For example, confirmation of a cancer diagnosis is getting much easier. The New York Times reported that blood tests -- known as "liquid biopsies" -- have now been shown to generally match the results of a tumor biopsy. The blood tests look for DNA fragments from the tumor that signal its presence. The liquid biopsies are useful for both detecting the presence of a tumor and its ongoing monitoring.
The current generation of tests are not perfect, with as many as 15% of tumors not generating enough DNA to be detected, but they do offer the advantage of not requiring an invasive procedure. The expectation is that testing will get even better, allowing for earlier detection of more cancers, although the problems of both false positives and detection of tumors that would not end up harming the patient if left untreated remain.
The FDA has just given approval for one such test, and numerous companies are vying for position in the space -- STAT reports that some 38 companies in the US alone are working in it. With direct-to-consumer lab tests becoming more of an option, we may soon have more cancer diagnoses, with more decisions required about what needs to be treated versus just monitored, and, indeed, what is "cancer," since some tumors grow only very slowly or not at all.
Still, if we have a choice -- and we soon will in many cases -- most of us would probably opt for a blood test rather than a biopsy.
The concept of what constitutes a "test" itself is undergoing some broadening. Instead of an actual test, liquid or otherwise, Microsoft reported that they may be able to use your search history help determine if you have cancer, even before you or your doctor realize it. They think their approach can be extended to other serious illnesses, helping catch them at earlier stages.
The Microsoft researchers used search logs to identify people whose queries strongly suggested they'd been diagnosed with pancreatic cancer. Then they worked backwards on those people's search histories to determine what kind of queries were associated with the subsequent diagnosis. There may not have been any actual diagnostic tests or procedures done yet, possibly just searches on symptoms, but they found "signals" in the search history.

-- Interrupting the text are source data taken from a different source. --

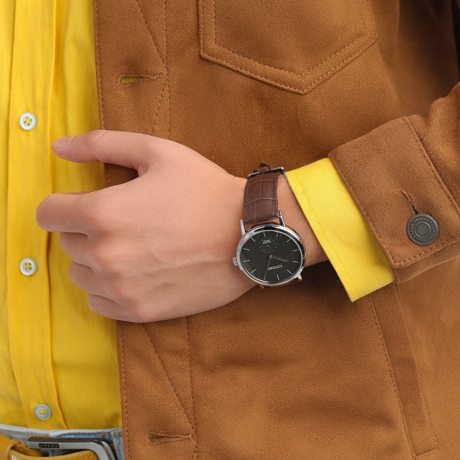 سيتيزن BE9170-13H: ساعة رجالية أنيقة من جلد العجل باللون البني مع علبة من الستانلس ستيل
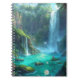Multiple waterfalls cascade into a glowing turquoise pool, surrounded by lush jungle and radiant crystals.
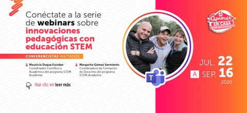 Los webinars serán también un espacio de inspiración para nuevas ideas, estrategias y herramientas pedagógicas en el desarrollo de la estrategia de flexibilización escolar ‘Aprende en casa’ y tendrán como invitados a Mauricio Duque Escobar, coordinador Científico y Académico y Margarita Gómez Sarmiento, Coordinadora de Formación de Docentes, los dos del programa STEM-Academia.
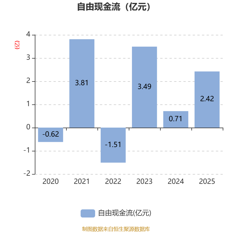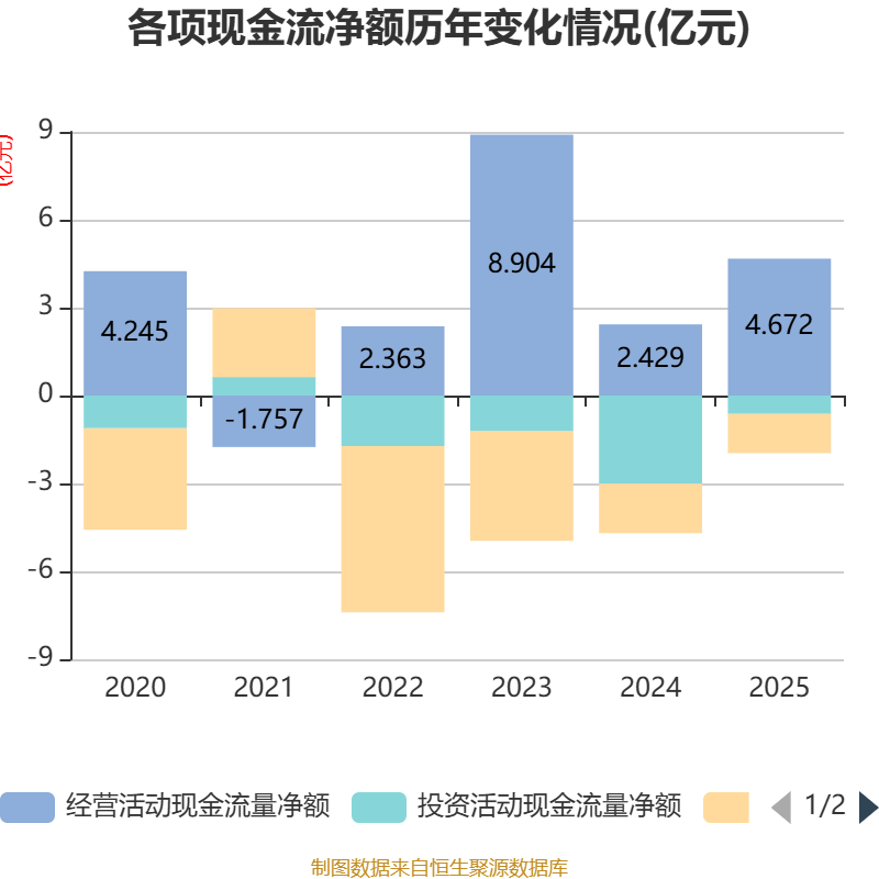 截至2025年,公司经营活动现金流净额为4.67亿元,同比增长92.36%;筹资活动现金流净额-1.34亿元,同比增加3482.21万元;投资活动现金流净额-6270.06万元,上年同期为-3.01亿元。
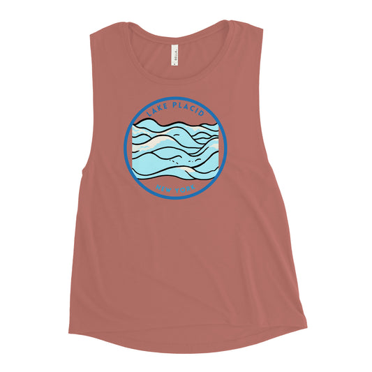 Lake Placid New York Freshwater Waves Ladies’ Muscle Tank

The method isn't perfect, but the researchers claim: "We find that we can identify 5 to 15 percent of cases while preserving extremely low false positive rates." They believe their false positives are on the order of 1 in 100,000, which compares very favorably to most actual diagnostic tests.
Gosh, if Bing can do that, imagine what Google could do
The researchers were quick to note that their research was only a proof of concept and that Microsoft has no plans to develop a product based on the discovery (which seems odd!). Instead, they wanted to get the medical community "excited" about the approach in hopes that it could end up being used as an early warning system for serious diseases.

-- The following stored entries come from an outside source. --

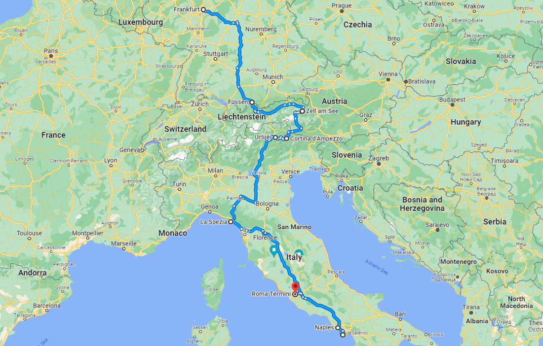 프랑크푸르트(Frankfurt) -> 퓌센(Fussen) -> 첼암제/카프룬(Zel am See/Kaprun) -> 그로스글로크너(Grossglockner) -> 코르티나담페초(Cortina d'Ampezzo) -> 오르티세이(Ortisei) -> 베로나(Verona) -> 친퀘테레(Cinque Terre) -> 토스카나(Toscana) -> 움브리아(Umbria) -> 나폴리(Naples) -> 아말피/포지타노(Amalfi/Positano) -> 소렌토(Sorrento) -> 로마(Roma)
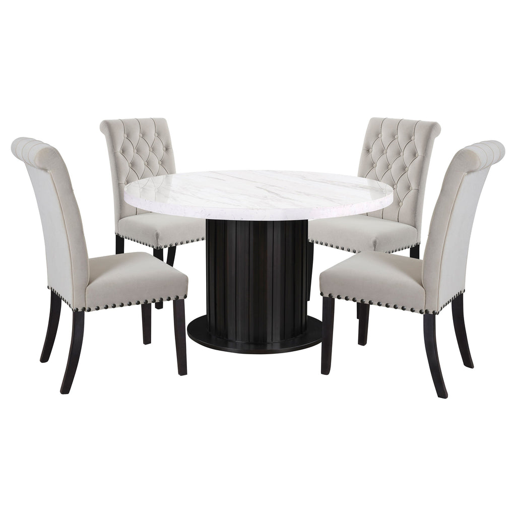Bring together family and friends at this modern rustic style dining table set. The table features a rectangular, thick, white marble top that is spacious enough for six people. Sleek open and airy trestle base with a center punch out, rustic espresso striking color combination lends a dramatic touch and grounds the room elegantly. The set of chairs with a rolled backrest with button-tufted details lends a traditional aesthetic to a space. Also, bringing to your home the classic elements is a padded seat with individual nailhead trim that offers a charming detail.
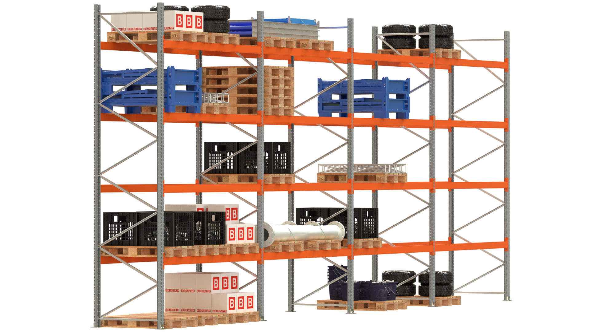 Palettenregal ARTUS - Breite 1122,5 cm - Höhe 450 cm - Tiefe 110 cm - 4 Träger-Ebenen - Fachlast 2000 kg - 60 Palettenstellplätze
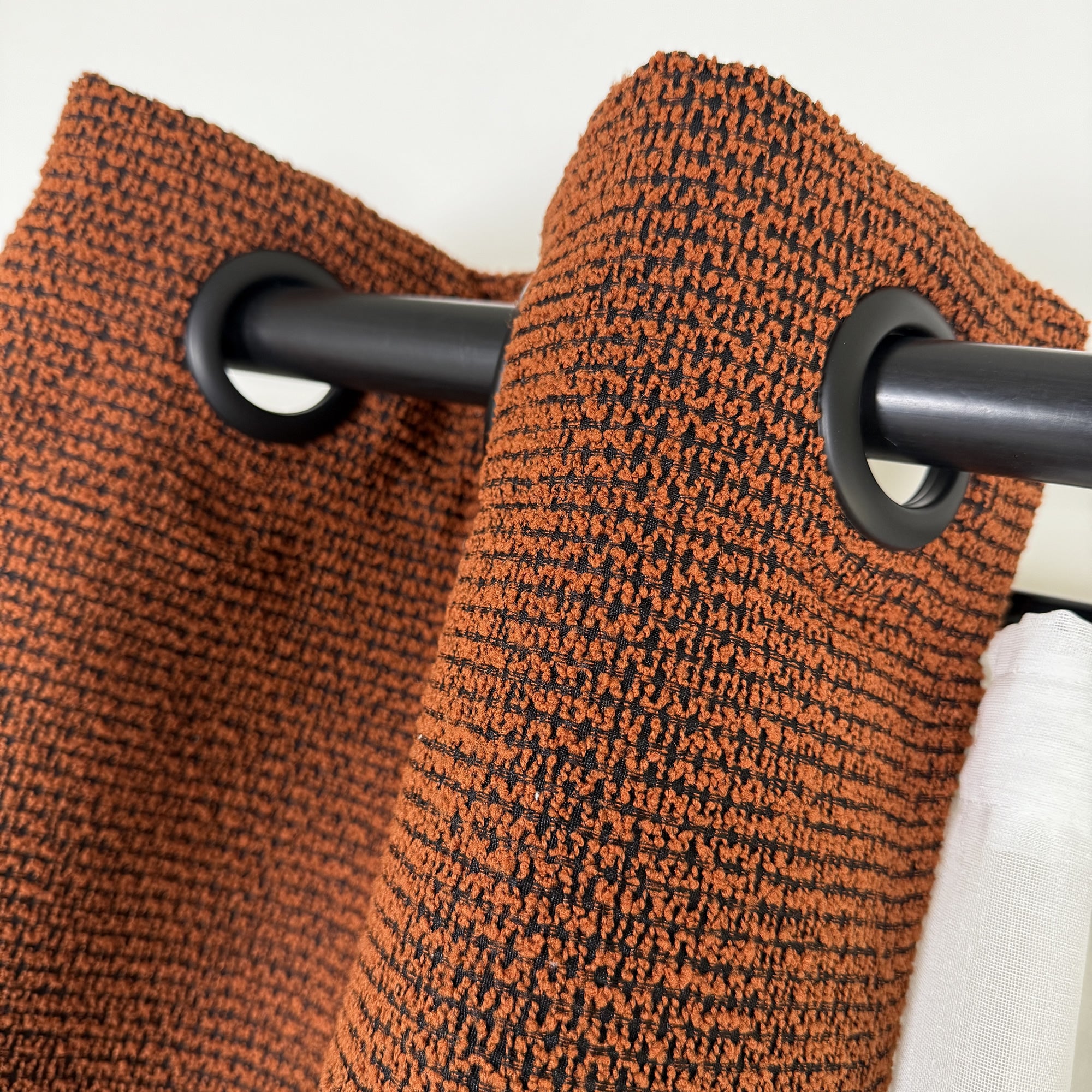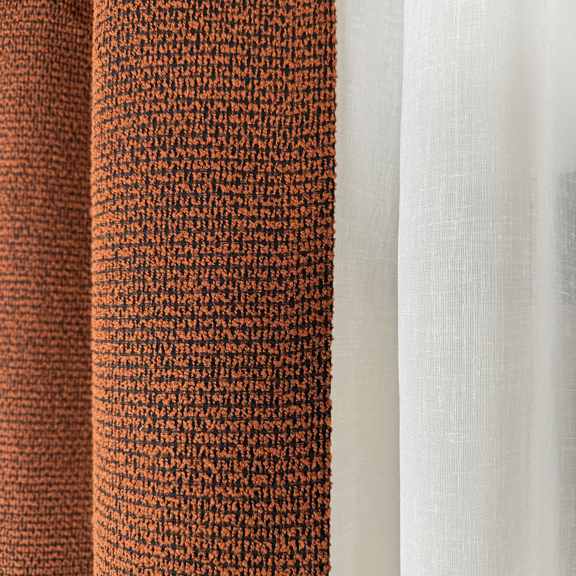 The CARLETA curtain collection brings tactile warmth to modern interiors with its thick jacquard weave and boucle-style texture. Its structured yet organic surface adds dimension and coziness, making it ideal for both rustic and contemporary spaces. With 10 rich shades and a seamless 300 cm width, CARLETA panels are custom-made to fit your exact space — and can be enhanced with optional blackout or polycotton lining for added performance.

Microsoft researchers had previously used search data to help identify unreported prescription drug side effects, and there was also the Google effort to use search data to help predict flu epidemics, which ended up not quite working out as planned, although the approach is far from dead. These examples all illustrate that artificial intelligence can use Big Data to find things out about our health that we might never have otherwise found, or found out too late.

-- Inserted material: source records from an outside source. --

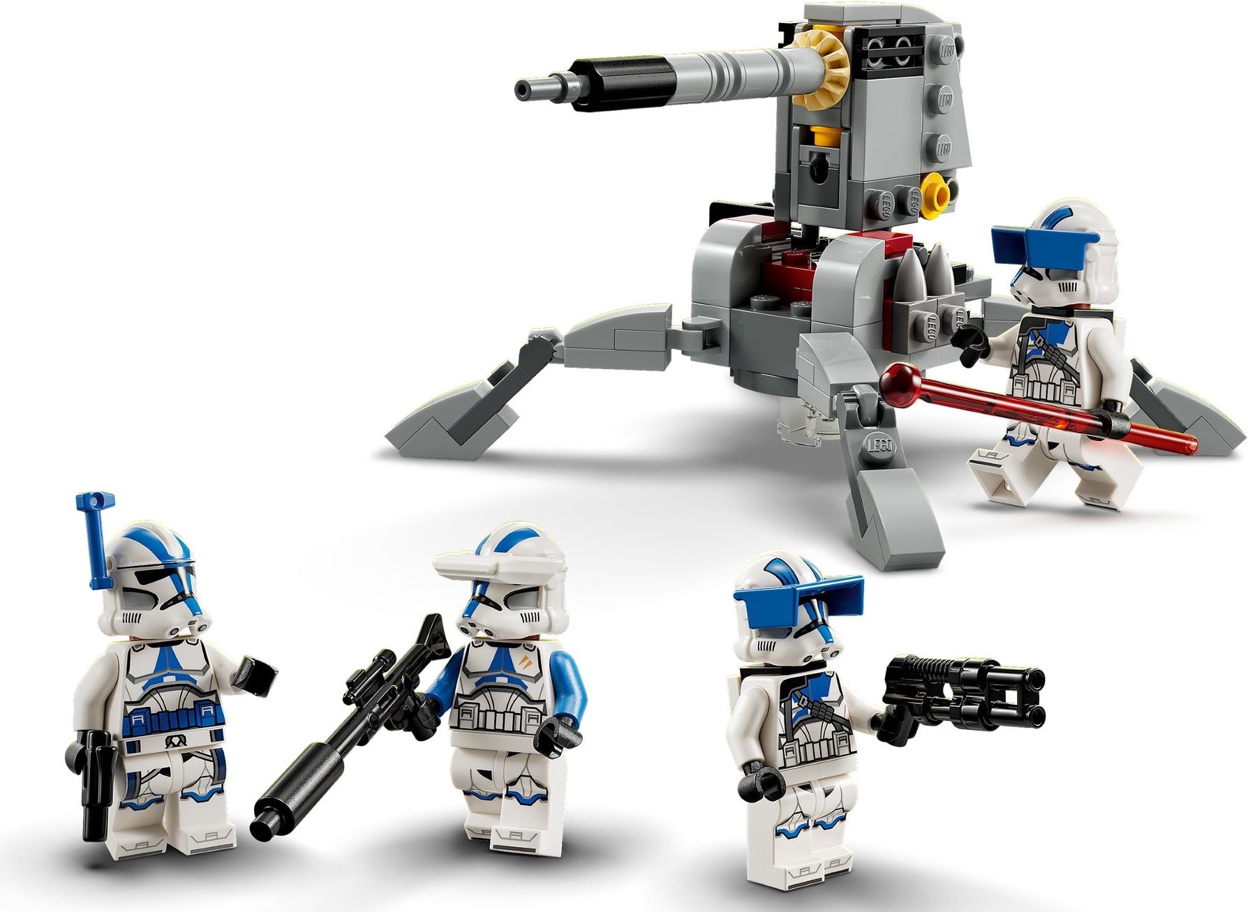 - 4 LEGO’ Star Wars’ minifigures ‘ A 501st Officer with a blaster pistol, a 501st Clone Specialist with a blaster rifle and 2 501st Heavy Troopers, each with a blaster
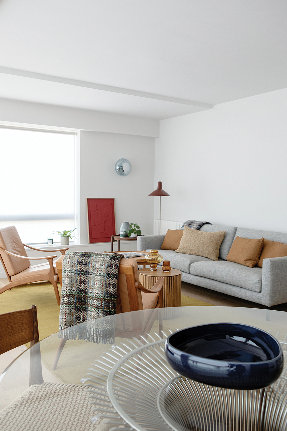 A view of the living area with the Friend sofa by Adea, a Finnish brand, upholstered in a textured wool mix. Instead of using one larger table, Moyna used a selection of smaller coffee tables in various oak finishes. The rug is by Massimo and the throws are by Molloy & Sons.
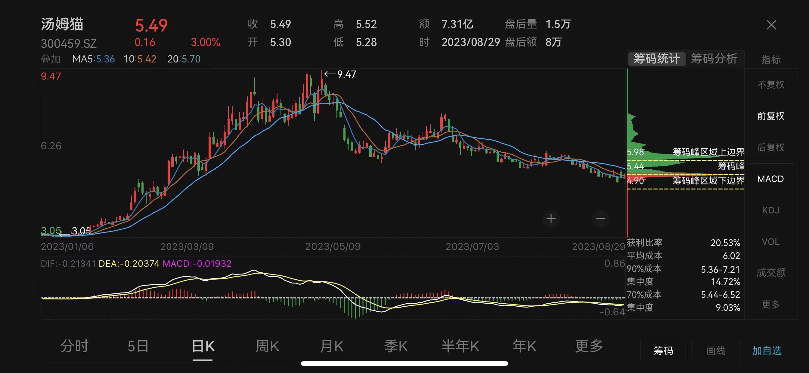 二级市场上,8月29日汤姆猫低开高走,截至收盘涨3.00%报5.49元,年内累计涨幅为74.29%。
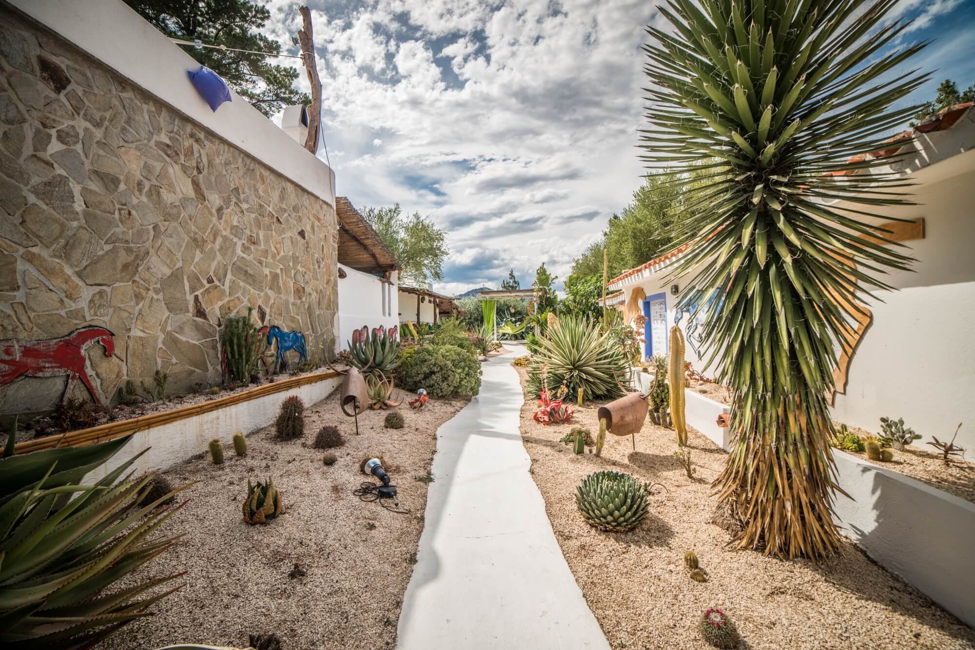 - 🌵. Tex Willer's Garden: Um jardim dedicado a Aurelio Galleppini, o criador de Tex Willer, personagem principal da história em quadrinhos italiana Tex. Inspirou-se nas pedras cársticas e nas rochas brancas desta parte da Sardenha, onde a paisagem é semelhante aos desertos do Velho Oeste e foram replicados em um espaço no hotel

One of these days you may be typing in a search and Cortana politely but firmly might suggest that you better see a doctor for a specific potential diagnosis. It might even set up a Skype call with a specialist for you.
Some of the most intriguing changes to testing relate not to diagnostic tests, but to clinical trials. Researchers at the Lawrence Livermore National Laboratory are developing a "human-on-a-chip" that they hope could predict the impact of drugs, viruses, or toxins on humans. The chip, known as iCHIP, essentially models the workings of human biological systems -- currently the central nervous system, peripheral nervous system, the blood-brain barrier, and the heart. Actual cells, such as neurons, are seeded on a chip, and microelectrodes can do real-time monitoring of electronic signals from them.
The hope is that use of iCHIP will lessen or even eliminate the need for animal or even human testing. Use of animals for testing (particularly for cosmetics) has become highly controversial, even banned in some cases. Congress is close to passing a bill that would encourage the use of alternatives to animal testing.
There are both ethical and efficacy questions with animal testing, so iCHIP may be an idea whose time has come. Indeed, iCHIP's principal investigator boldly says: "The ultimate goal is to fully represent the human body," integrating all the biological systems together to create a "complete testing platform."
Chimpanzees everywhere may be breathing a sigh of relief.
If Microsoft is using Big Data to take the place of many standard diagnostic tests, a company called Insilico Medicine is trying to do the same with clinical trials. They use deep learning and artificial intelligence to predict how a drug will impact human cells, rather than relying on animal trials.
Alex Zhavoronkov, Insilico's CEO, believes that:
"...animal testing is not very representative of what the human outcome will be...We need something better, and something better is creating a virtual human to simulate the activity of many drugs on many tissues at once. That can only be done using really deep data."Creating a "virtual human" or putting all the human biological systems on chips are ambitious goals, especially given our increased recognition of both the complexity and importance of our microbiome (whose cells outnumber ours). On the other hand, no one is particularly happy with the cost and timeliness of clinical trials, animal or human, and identifying health issues sooner and less invasively is certainly desirable.
OK, so maybe we're not getting a tricoder anytime soon, but, all in all, we're making real progress on testing.